Таким образом, органические противоречия общества не могут покрыть ответственность человека; более того, рассматриваемые сами по себе, эти противоречия являются лишь теорией иерархического режима, первой формой и, следовательно, безупречной формой общества. В силу антиномии своего развития труд и капитал постоянно приводились обратно к равенству, так же как и к подчинению, к солидарности, так же как и к зависимости; один был агентом, другой — стимулятором и стражем общего богатства. Это указание было неясно замечено теоретиками феодальной системы; христианство пришло вовремя, чтобы скрепить договор; и именно чувство этой непонятой и разрушенной, но самой по себе невинной и законной организации вызывает сожаления среди нас и поддерживает надежду партии.

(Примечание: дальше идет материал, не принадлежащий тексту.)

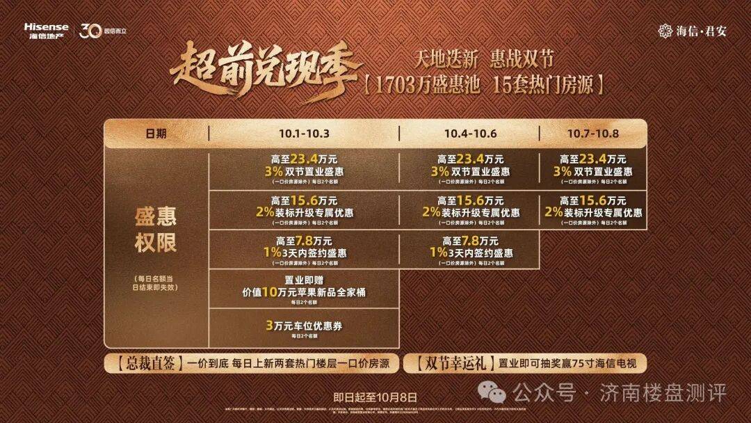 时间来到国庆黄金周,这是改善客户看房时间最充裕的日子。海信君安也推出了“超前兑付季”的优惠活动。

Поскольку эта система была записана в книге судьбы, нельзя сказать, что она плоха сама по себе, точно так же, как эмбриональное состояние нельзя назвать плохим, потому что оно предшествует взрослому возрасту в физиологическом развитии.

Поэтому я настаиваю на своем обвинении:

При режиме, отмененном Лютером и Французской революцией, человек мог быть счастлив пропорционально прогрессу своей индустрии; он не пожелал быть таковым; напротив, он запретил себе быть им.

Труд считался постыдным; духовенство и дворянство сделали себя пожирателями бедных; чтобы удовлетворить свои животные страсти, они погасили милосердие в своих сердцах; они разоряли, угнетали, убивали рабочего. И вот мы видим, что капитал все еще охотится за пролетариатом. Вместо того чтобы смягчать подрывную тенденцию экономических принципов посредством ассоциации и взаимности, капиталист преувеличивает ее без необходимости и со злым умыслом; он злоупотребляет чувствами и совестью рабочего; он делает его лакеем в своих интригах, поставщиком своих развратов, сообщником в своих грабежах; он делает его во всех отношениях похожим на себя, и тогда он может бросить вызов справедливости революций, чтобы она не коснулась его. Чудовищная вещь! Человек, живущий в нищете, чья душа, казалось бы, ближе к милосердию и чести, разделяет развращенность своего господина; подобно ему, он отдает все гордыне и роскоши, и если он иногда кричит против неравенства, от которого страдает, то это еще меньше из рвения к справедливости, чем из соперничества в желании. Величайшее препятствие, которое должно преодолеть равенство, — это не аристократическая гордыня богача, а неукротимый эгоизм бедняка. И вы полагаетесь на его врожденную доброту, чтобы реформировать разом и спонтанность, и преднамеренность его злобы!

«Поскольку ложное и антисоциальное образование, данное нынешнему поколению, — говорит Луи Блан, — не позволяет искать никакого другого мотива для подражания и поощрения, кроме увеличения вознаграждения, разница в заработной плате должна быть градуирована в соответствии с иерархией функций, при этом совершенно новое образование должно изменить идеи и нравы в этом вопросе».

Отбрасывая иерархию функций и неравенство заработной платы как нечто, не заслуживающее внимания, рассмотрим здесь только мотив, указанный автором. Разве не странно видеть, как г-н Блан утверждает доброту нашей природы и в то же время обращается к самой низменной из наших склонностей — алчности? Поистине, зло должно казаться вам очень глубоко укоренившимся, если вы считаете необходимым начать восстановление милосердия с нарушения милосердия. Иисус Христос открыто порвал с гордыней и жадностью; по-видимому, распутники, которых он наставлял, были святыми личностями по сравнению со стадом, зараженным социализмом. Но скажите же нам, в конце концов, как наши идеи были искажены, почему наше образование антисоциально, раз уж доказано, что общество следовало маршруту, начертанному судьбой, и его больше нельзя обвинять в преступлениях человека.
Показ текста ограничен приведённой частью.